Aim of the task: The material below contains a line with "Este documento resume" and a line with "Tham dự sự kiện". Copy exactly those two lines and all lines between them.

Input data:

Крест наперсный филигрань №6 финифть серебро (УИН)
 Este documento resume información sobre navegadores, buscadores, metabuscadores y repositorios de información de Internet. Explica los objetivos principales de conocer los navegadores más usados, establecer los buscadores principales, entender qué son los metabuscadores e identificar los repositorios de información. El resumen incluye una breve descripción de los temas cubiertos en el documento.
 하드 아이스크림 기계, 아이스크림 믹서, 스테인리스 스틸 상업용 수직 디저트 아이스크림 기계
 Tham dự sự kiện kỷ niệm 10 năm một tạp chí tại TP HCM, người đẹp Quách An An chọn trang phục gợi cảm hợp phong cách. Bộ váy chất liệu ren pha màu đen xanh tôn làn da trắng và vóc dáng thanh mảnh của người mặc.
* * *
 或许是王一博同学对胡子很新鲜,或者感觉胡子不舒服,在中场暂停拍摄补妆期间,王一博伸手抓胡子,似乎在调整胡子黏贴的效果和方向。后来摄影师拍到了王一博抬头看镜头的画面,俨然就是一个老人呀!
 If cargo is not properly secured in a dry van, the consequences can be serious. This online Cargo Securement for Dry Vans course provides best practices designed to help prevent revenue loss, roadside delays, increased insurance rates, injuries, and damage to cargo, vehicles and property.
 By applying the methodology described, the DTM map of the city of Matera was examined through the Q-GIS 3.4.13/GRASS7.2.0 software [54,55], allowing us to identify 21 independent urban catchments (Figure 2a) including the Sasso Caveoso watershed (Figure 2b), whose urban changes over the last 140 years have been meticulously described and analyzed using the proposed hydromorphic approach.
* * *
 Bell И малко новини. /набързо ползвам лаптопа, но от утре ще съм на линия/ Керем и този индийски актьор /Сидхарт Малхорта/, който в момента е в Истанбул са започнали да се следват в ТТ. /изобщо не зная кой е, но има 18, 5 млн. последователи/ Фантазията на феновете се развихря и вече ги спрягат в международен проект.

Response to the task:
 Este documento resume información sobre navegadores, buscadores, metabuscadores y repositorios de información de Internet. Explica los objetivos principales de conocer los navegadores más usados, establecer los buscadores principales, entender qué son los metabuscadores e identificar los repositorios de información. El resumen incluye una breve descripción de los temas cubiertos en el documento.
 하드 아이스크림 기계, 아이스크림 믹서, 스테인리스 스틸 상업용 수직 디저트 아이스크림 기계
 Tham dự sự kiện kỷ niệm 10 năm một tạp chí tại TP HCM, người đẹp Quách An An chọn trang phục gợi cảm hợp phong cách. Bộ váy chất liệu ren pha màu đen xanh tôn làn da trắng và vóc dáng thanh mảnh của người mặc.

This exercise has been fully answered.